*Activity*
Starting at the line that contains "事件源于辛芷蕾榮獲第82屆威" and ending at the final line of the entries below, write out each line exactly as it appears, but omit the pictures.

*Records supplied*
□ □ □ □ □

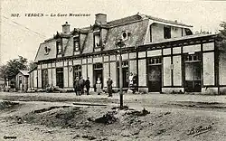 Station building with a military horse-drawn ambulance of the 6e Corps and a guard house, 1916. Preserved unter the ownership and management of Le Conseil Départemental de la Meuse. |
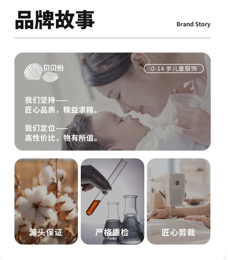 贝贝怡专注0-6岁婴幼儿服饰,坚持安全、柔软、舒适的产品理念,为千万中国家庭提供超高品质、安全可靠的婴幼儿服饰产品,妈妈放心,宝宝开心!
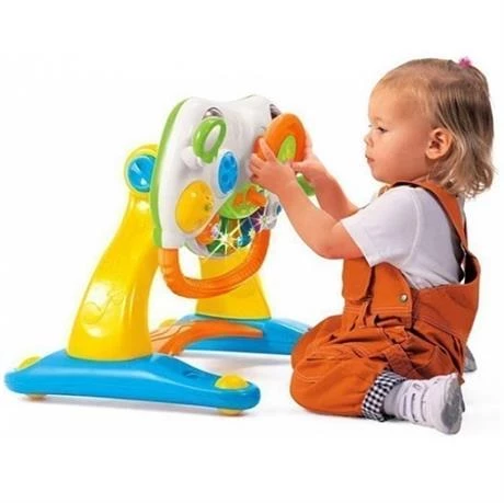 В одной игрушке и ходунки, и каталка, и игровой и музыкальный центр. Реалистичные звуки вождения. В игровом центре удобная ручка, чтобы ребенок мог стоять и ходить. Задние колеса центра с дополнительным сопротивлением для безопасности ребенка. Веселые мелодии, смешные звуки животных и мигающие клавиши привлекут внимание малыша.
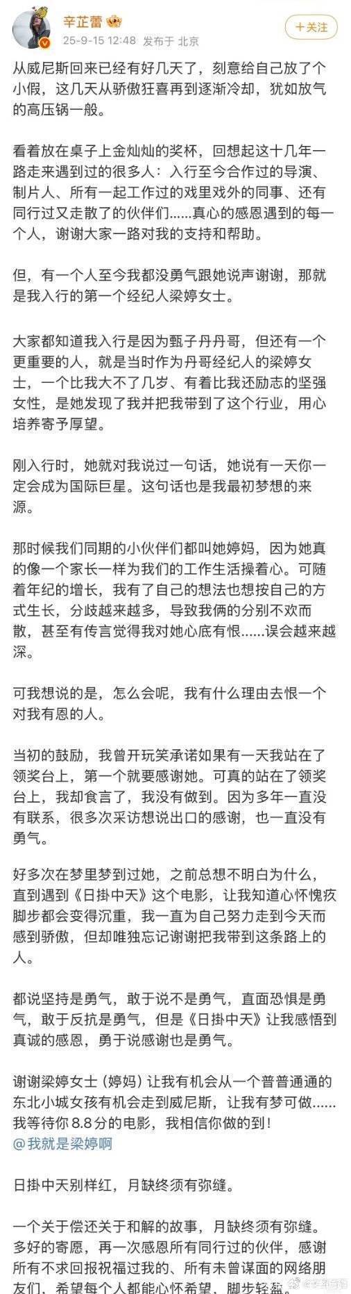 事件源于辛芷蕾榮獲第82屆威尼斯國際電影節最佳女演員獎后發表的感言。這位從黑龍江鶴崗走出的女孩,站在世界舞臺上哽咽著說出:"十幾年前我剛入行的時候吹過一個牛,我說有一天我一定要站在世界級的舞臺上,我想成為一個國際巨星。"但她當時并未提及那個最初給她這個夢想的人——她的第一任經紀人梁婷。獲獎歸來后,辛芷蕾經過沉淀反思,終于在社交媒體上發表長文,公開感謝梁婷女士:"有一個人至今我都沒勇氣跟她說聲謝謝,那就是我入行的第一個經紀人梁婷女士。剛入行時,她就對我說過一句話,她說有一天你一定會成為國際巨星。這句話也是我最初夢想的來源。"
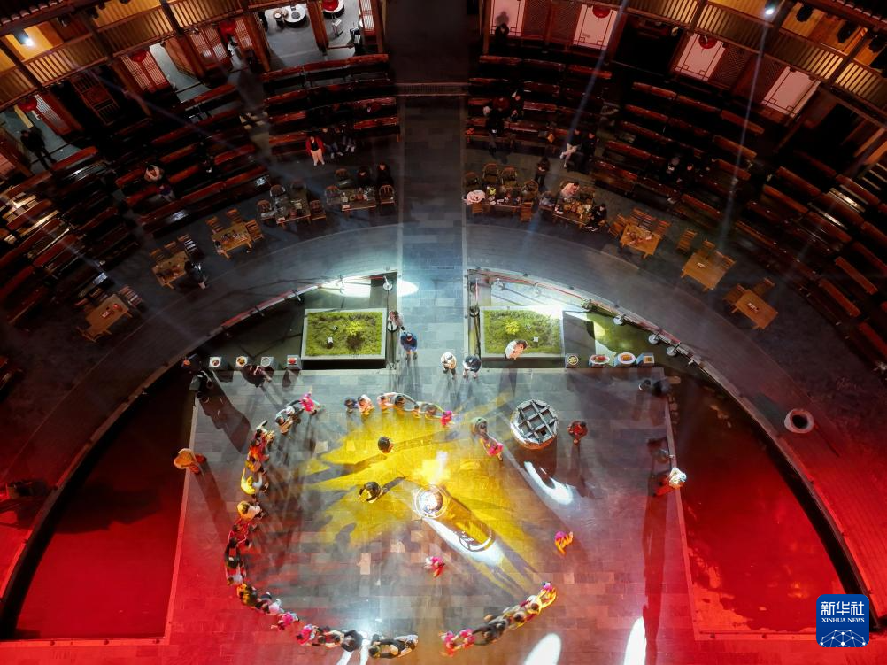1月19日,游客在福建省龙岩市永定区的土楼参加节目互动(无人机照片)。新华社记者 邢广利 摄

□ □ □ □ □

*Solution to this task*
 事件源于辛芷蕾榮獲第82屆威尼斯國際電影節最佳女演員獎后發表的感言。這位從黑龍江鶴崗走出的女孩,站在世界舞臺上哽咽著說出:"十幾年前我剛入行的時候吹過一個牛,我說有一天我一定要站在世界級的舞臺上,我想成為一個國際巨星。"但她當時并未提及那個最初給她這個夢想的人——她的第一任經紀人梁婷。獲獎歸來后,辛芷蕾經過沉淀反思,終于在社交媒體上發表長文,公開感謝梁婷女士:"有一個人至今我都沒勇氣跟她說聲謝謝,那就是我入行的第一個經紀人梁婷女士。剛入行時,她就對我說過一句話,她說有一天你一定會成為國際巨星。這句話也是我最初夢想的來源。"
1月19日,游客在福建省龙岩市永定区的土楼参加节目互动(无人机照片)。新华社记者 邢广利 摄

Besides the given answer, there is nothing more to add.